States will have far more latitude to bypass parts of the Affordable Care Act thanks to a new policy change from the Trump administration, marking a significant shift in the types of marketplace coverage available to Americans.
The Centers for Medicare and Medicaid Services (CMS) unveiled a controversial policy last month that expanded what’s permissible under §1332 waivers, which states can submit to be exempt from certain requirements under the Affordable Care Act (ACA).
In a speech to conservative lawmakers Thursday, CMS Administrator Seema Verma followed up on this guidance by announcing four “waiver concepts,” specific examples of actions states can do to restructure marketplace plans.
Namely, Verma said, states can: (1) create and contribute to accounts for consumers’ premium and out-of-pocket expenses, (2) restructure subsidy eligibility, (3) redefine what plans qualify for subsidies and (4) implement high-risk pools.
Although the new policy would not allow states to waive preexisting condition protections under the ACA, it would allow states to let consumers use subsidies to purchase short-term limited duration (STLD) plans or associated health plans (AHPs) that aren't required to cover preexisting conditions.
Strategies like these, Verma said, promote “consumer engagement, personal freedom and choice, spending smarter, price transparency, portability, and controls over premium growth."
"What’s not to like?" she added.
Verma contrasted the new ACA innovation waiver guidelines with those of the Obama administration, which she alleged made it “impossible to put forward creative ideas” amid rising premium prices.
“No one should have been surprised when the president charted a different course,” she said, fighting back against allegations that the Trump administration has deliberately weakened the ACA.
“The rate of growth in health care spending has been a crushing financial blow for too many families … and no one can say this is due to the Trump administration.”
"The specific examples laid out today show how state governments can work with HHS to create more choices and greater flexibility in their health insurance markets, helping to bring down costs and expand access to care," echoed Health and Human Services Secretary Alex Azar in a statement.
Preexisting condition protections are the public’s greatest healthcare concern, as reflected in this year’s midterm elections.

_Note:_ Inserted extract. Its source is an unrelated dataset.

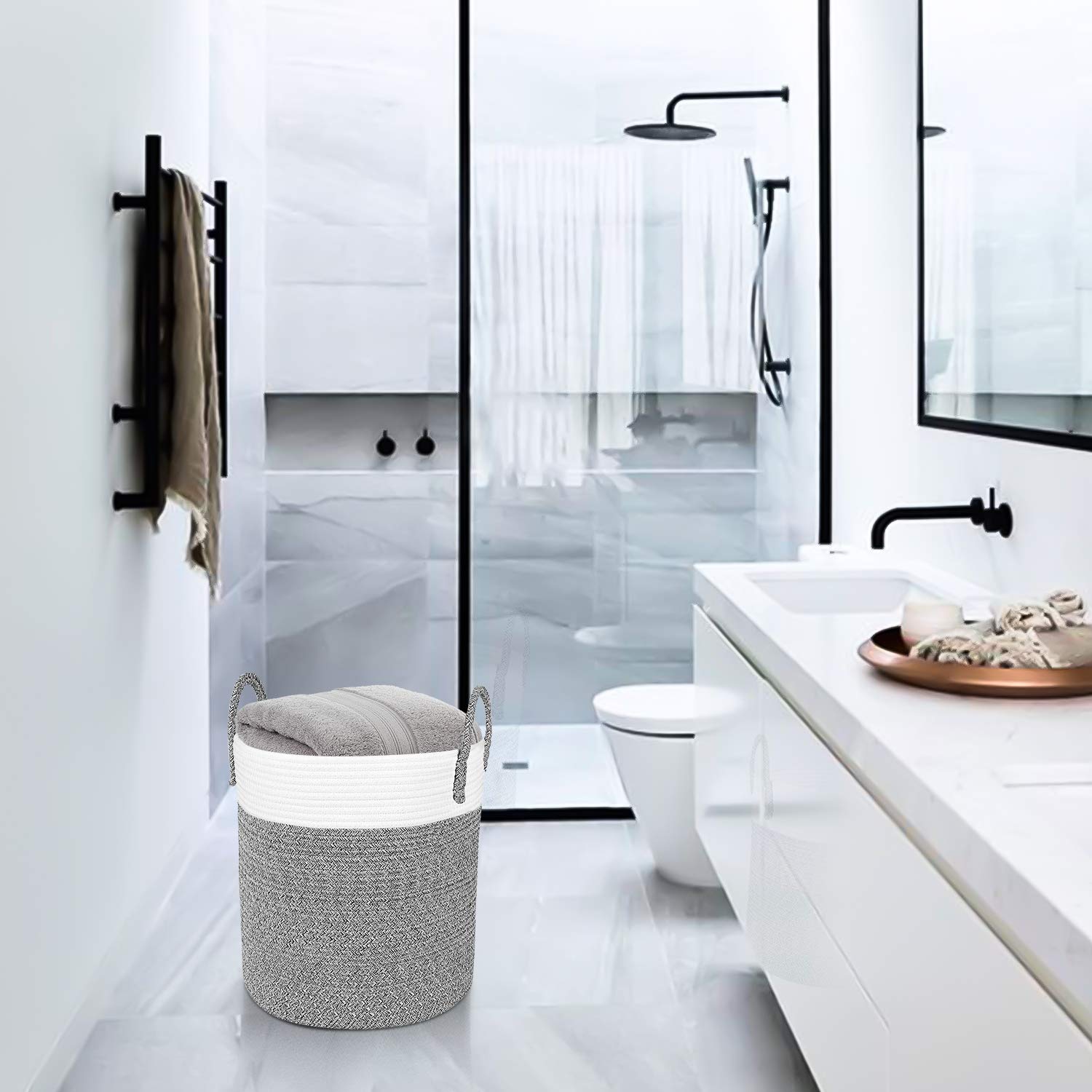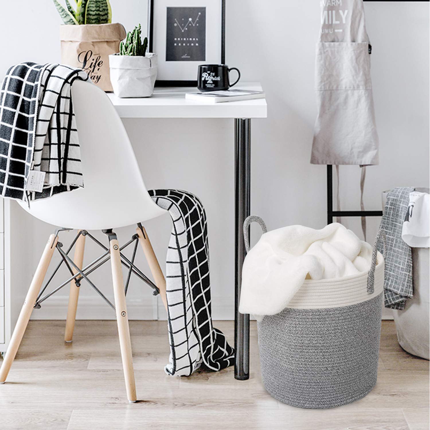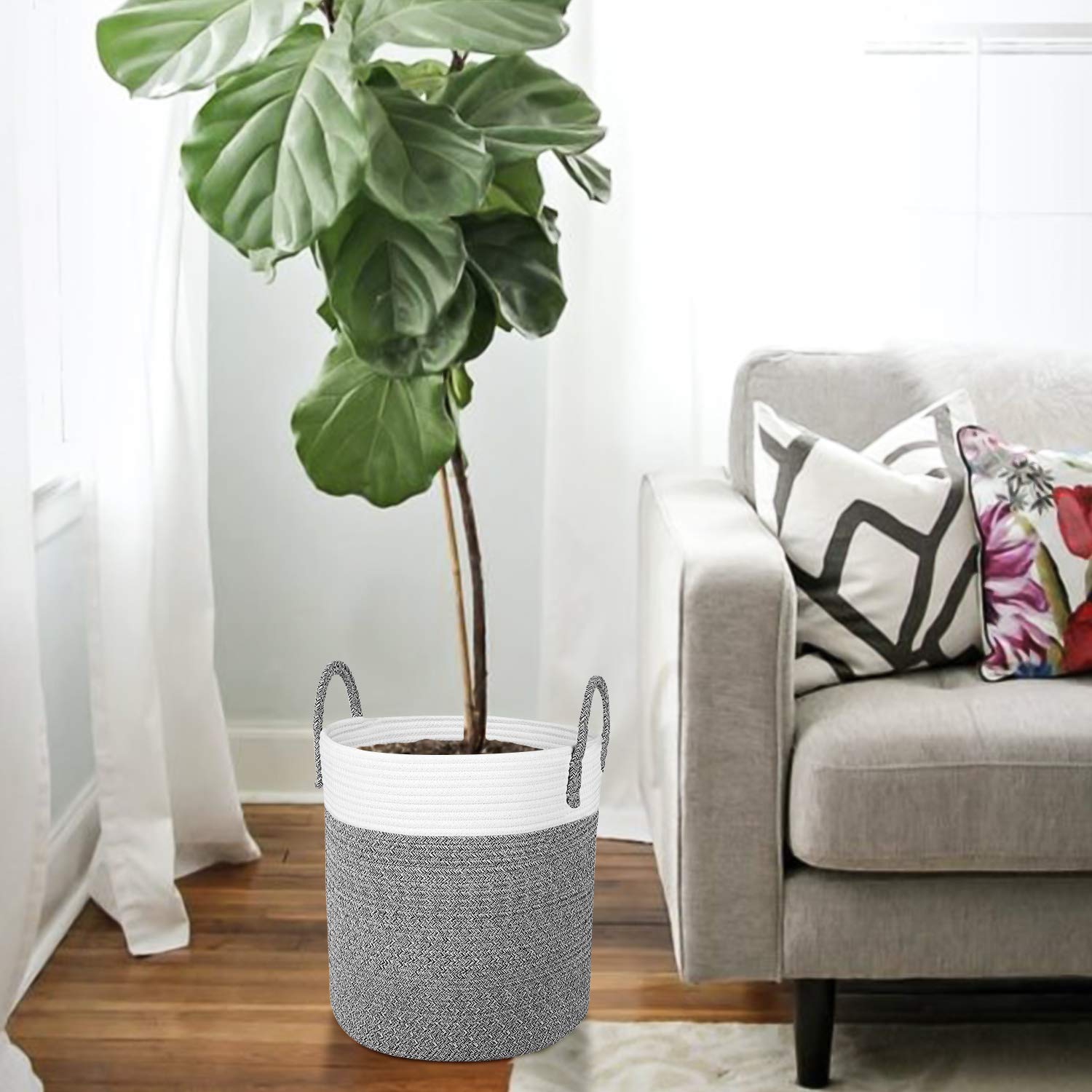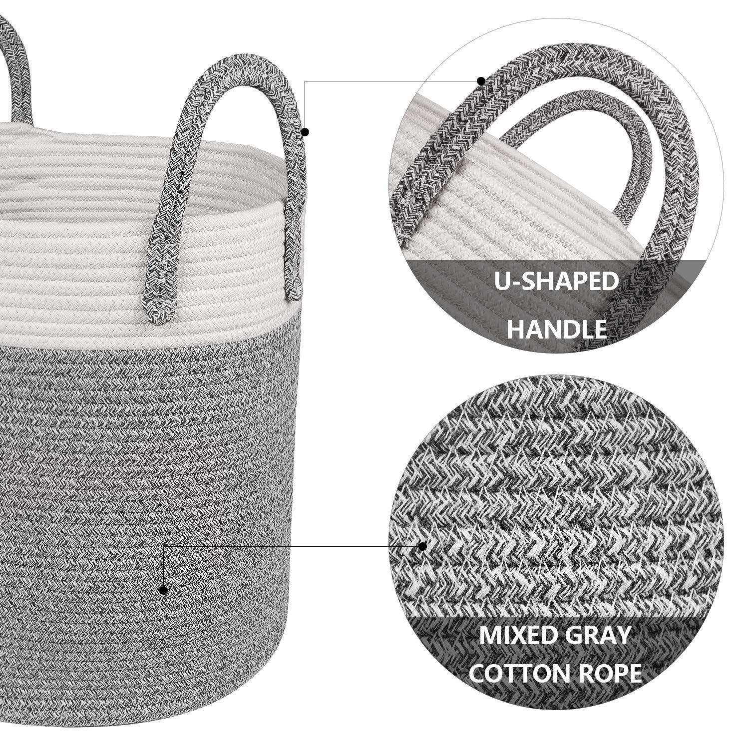 - ✔Guaranteed Great Material: All gray rope baskets use natural cotton coil rope, so these baskets are firm to hold heavy items and sturdy enough to stand up by itself, soft enough to be collapsible as well
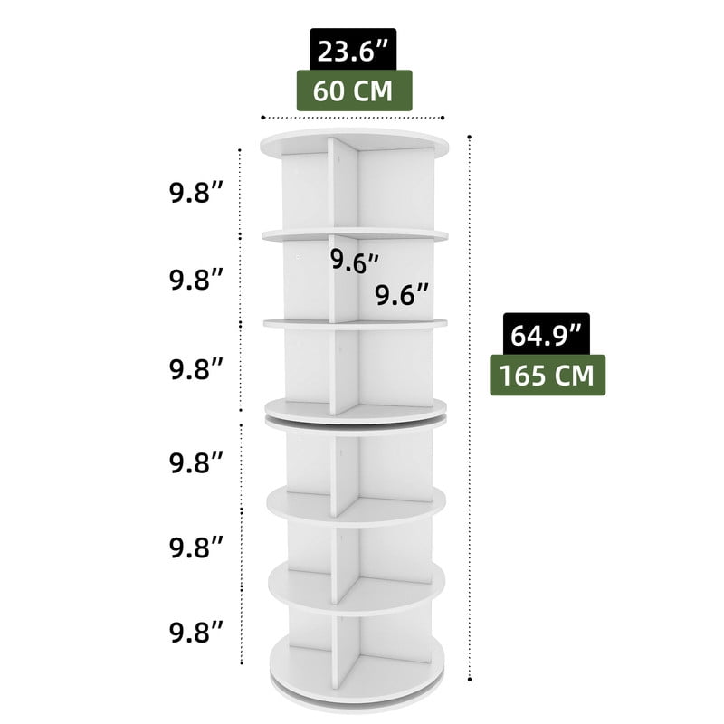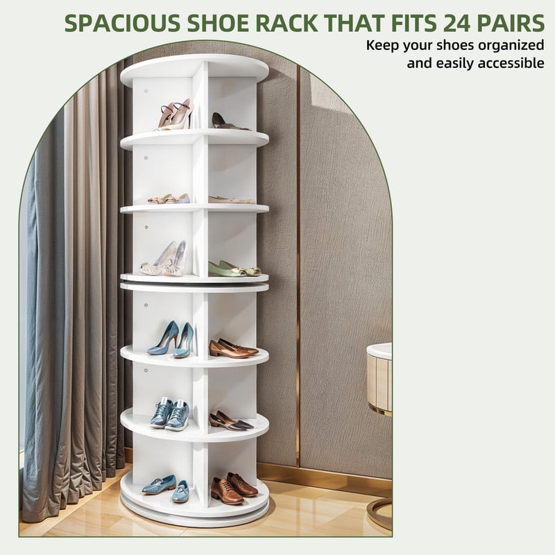 Make the most of your corner with our functional 6-tier rotating shoe rack! Ideal for living rooms, sleeping rooms, or balconies, it turns clutter into a chic display, showcasing your shoes and accessories like a trendy boutique. The 360° rotation lets you grab your favorites easily. Made from robust engineered wood, it’s built to last and won’t wobble. Easy to assemble and featuring a sleek white finish, this stylish marvel keeps your space tidy and your style game strong! Grab your favorites with a spin and let the organizing fun begin! Specifications: Color: White Material: Engineered Wood Overall Size: 23.6″D x 23.6″W x 64.9″H Room Type: Entryway, Bedroom, Living Room, Home Office Assembly Required:Yes Package Included: 1 x Shoe Rack 1 x Instructions 1 x Accessory Kit

And in this politically charged announcement, Verma was adamant that the guidance will not lead to fewer protections for people with preexisting conditions.
“You cannot waive any of the preexisting conditions protections. Those cannot be waived at the federal level or the state level,” she said on a subsequent press call.
However, when the guidance was released, policy experts said they expected the opposite, especially because the new guidance includes STLD plans and AHPs as coverage even though they provide fewer benefits.
Critics also suspected changing subsidy regulations could make plans less affordable—and consequently, reduce coverage—among lower-income groups.
There are also concerns the administration side-stepped traditional rule-making that could invalidate the new guidance. A report from the USC-Brookings Schaeffer Initiative for Health Policy says the guidance contains policy that should be classified as a "legislative rule" requiring it to follow the notice and comment rule-making process.
"There are serious questions about whether the policy articulated in the guidance is a permissible interpretation of the underlying statute, but, at the very least, it is likely invalid for the agency to attempt to make this policy without a full rule-making process," Brookings fellow and former CMS official Christen Linke Young wrote Wednesday.